First and foremost, Gadamer’s critique of Kant warns against an ethics at a distance from the situation in which the person who must act finds himself, and which subsequently covers over the concrete demands of the situation by abstracting from an “exceptional situation”—which ultimately is no exception if one remembers that “the temptation to consider oneself an exception is a universal human situation” (HRE 26/ GW4 181).

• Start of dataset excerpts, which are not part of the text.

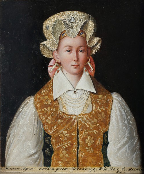 Костюм изображенной — душегрея поверх светлой рубахи, нарядный кокошник — типичный русский народный костюм северных губерний страны, в котором широко использовался мелкий речной жемчуг из северных рек.
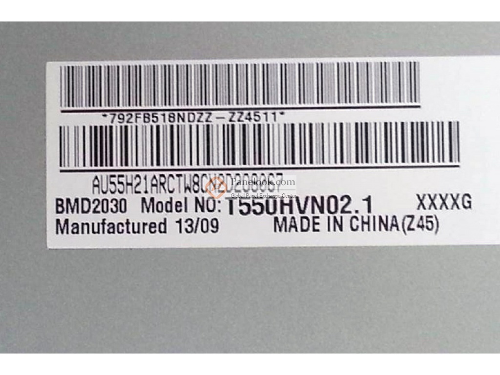 T550HVN02.1是友达光电股份有限公司 (友达,AUO) 推出的一款采用a-Si TFT-LCD技术的55英寸液晶模组产品,它装配有CCFL背光,含逆变器背光驱动,无触摸。根据友达 (AUO)于2012年3月22日发布的版本号为Ver0.0的产品规格书,T550HVN02.1显示分辨率为1920(RGB)×1080 (FHD),宽高比为16:9 (宽:高),像素采用RGB垂直条状排列。它的显示区域尺寸为1209.6×680.4 (宽×高) mm,可视尺寸为1217.6×688.4 (宽×高) mm,外观尺寸为1286×745 (宽×高)×61(厚) mm,表面处理为雾面,Hard coating (3H),产品净重20.5Kgs。背光方面此产品采用了18 pcs CCFL发光的直下式光源,含逆变器。T550HVN02.1采用了LVDS (4 ch, 10-bit)信号接口,总共92 pins,采用端子连接,驱屏电压为12.0V (Typ.)。它的典型垂直刷新率Fv为120Hz。如果开发新产品想采用T550HVN02.1液晶模组,屏库®建议您向友达 (AUO)或其代理商了解关于T550HVN02.1的最新的生产状态信息和技术信息。屏库®上所显示的面板参数均由屏库电子工程师依据规格书录入,已尽力减少错误,但不能保证参数的完全正确。请以规格书为准!根据屏库掌握的情报此产品于2012年Q2量产,当前生产状态为已停产。目前T550HVN02.1在屏库上有0条现货信息、0家供应商信息,交易氛围清淡。屏库于2013年04月08日对此型号首次建立参数,并于2025年12月01日对参数进行了最后更新。它的工作温度为 0 ~ 50°C,存储温度为 -20 ~ 60°C,耐振动性为1.5G (14.7 m/s²)。基于它120Hz,含逆变器,180度翻转显示,10位灰阶,表面雾面等特征,此型号推荐使用于电视。
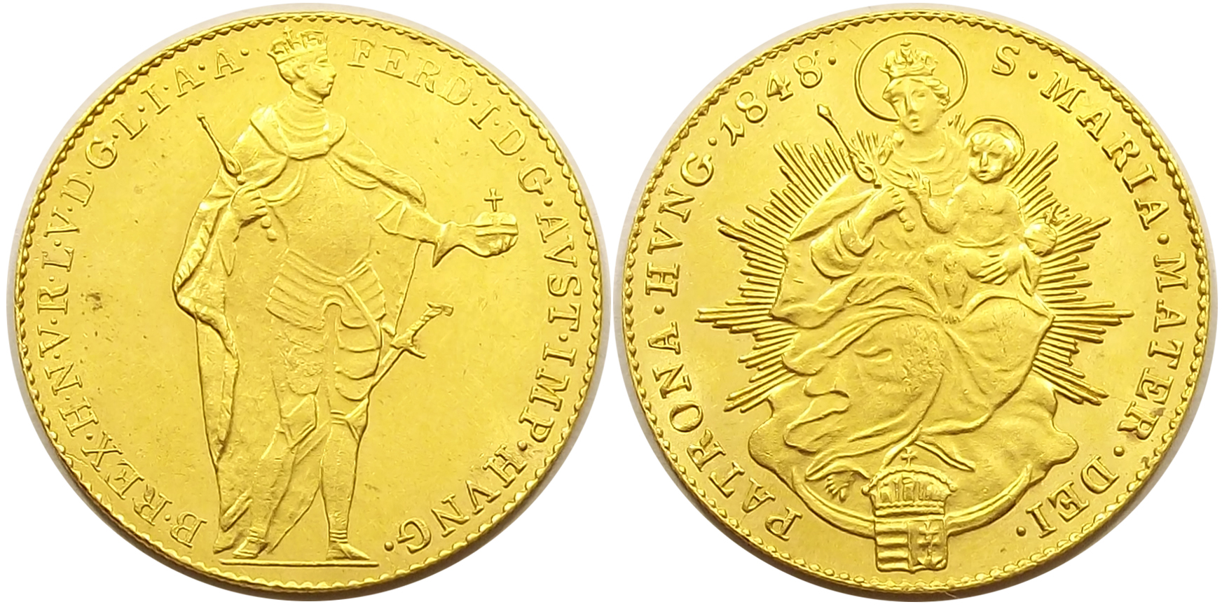 1 dukát 1848 V. Ferdinánd extra állapotban, kiváló verdefénnyel. (s-gy

By placing the accent on the situation, from which no one, least of all the philosopher, can claim to escape, Gadamer shows the impossibility of a philosophical ethics that is unaware of its own open-endedness, that refuses to take this open-endedness as its essential content—for only in this way can ethics claim to satisfy the unconditionality of the moral: “This means, however, that philosophical ethics occurs in the same situation where everyone else finds themselves” (HRE 28/GW4 184).8 The philosopher who is concerned with ethics is thus not an expert who knows more than others and can give recommendations, construct new laws, or write new stone tablets—on the contrary, he is much more in danger of fleeing the situation.9 Experts in ethics, bioethics, and business ethics create a problem, as indeed every other “expert” does, too, because ultimately they claim the decision making for themselves and thereby take away responsibility from others. And it is far from evident that they are wiser.
2. Phrónesis: Acting Reasonably
We are generally dissatisfied with the definition of the good, because we would want to know what the good is in order to put it into practice. Hence philosophical ethics cannot be separated from practical ethics: it is precisely in ethics where the inescapable transition from theory to practice becomes clear. Here lies the relevance of Aristotle: his entire ethics is predicated by that “other kind of knowing” that is at stake in life (HRE 148/GW7 388).10
In his critique of the “theoretical subject” of metaphysics, which in contrast to Dasein is artificially cut off from understanding themselves in their care for the world, Heidegger made a decisive step toward the rediscovery of practical knowledge. Traces of this critique are to be found in his 1921–23 lectures on Aristotle, in the Natorpbericht, and in his study of book 6 of the Nicomachean Ethics, which was first conducted in 1923 in Freiburg as a seminar and then revisited in 1924–25 in his Marburg lectures.11 It is therefore certainly true that Heidegger’s early phenomenological research led the way to the rehabilitation of practical philosophy; but it is just as true that the ethical dimension of Heidegger’s thought, which is much discussed today, leaves the care for others in the dark as it focuses on care for the self.12 It is no coincidence that after 1945 his closest students turned to ethics: from Krüger, who takes up Kantian morality, and Hannah Arendt, who brings the vita activa to its high point, to Leo Strauss, who highlights the Greek natural law, along with those who invoke Heidegger only indirectly, above all Emmanuel Lévinas, who raises ethics to First Philosophy. All of these philosophers begin with the priority of the other and ask less about individual action than about collective and communicative action.13 Gadamer belongs among these philosophers. His rehabilitation of practical philosophy, even though it was certainly influenced by Heidegger’s starting point, follows another path instead, which is clear already in the 1930 essay “Practical Knowledge” (GW5 230–248) and which is taken up again later in the chapter on “The Hermeneutic Relevance of Aristotle” in Truth and Method (TM 312–324/GW1 317–329). This chapter, which signals the rebirth of practical philosophy in the twentieth century, outlines in just a few pages at least four key ideas: the autonomy and particularity of practical actions; the value of phrónesis, which Gadamer translates as “reasonableness” and which guides human behavior; the necessity of taking ethós into consideration, in particular the context in which ethico-political relations orient action; and finally his view of a necessarily dialectical path for ethics, in which the theoretical search for the good, which is articulated in the dialogue with the other, is already in itself a realization of the practical good.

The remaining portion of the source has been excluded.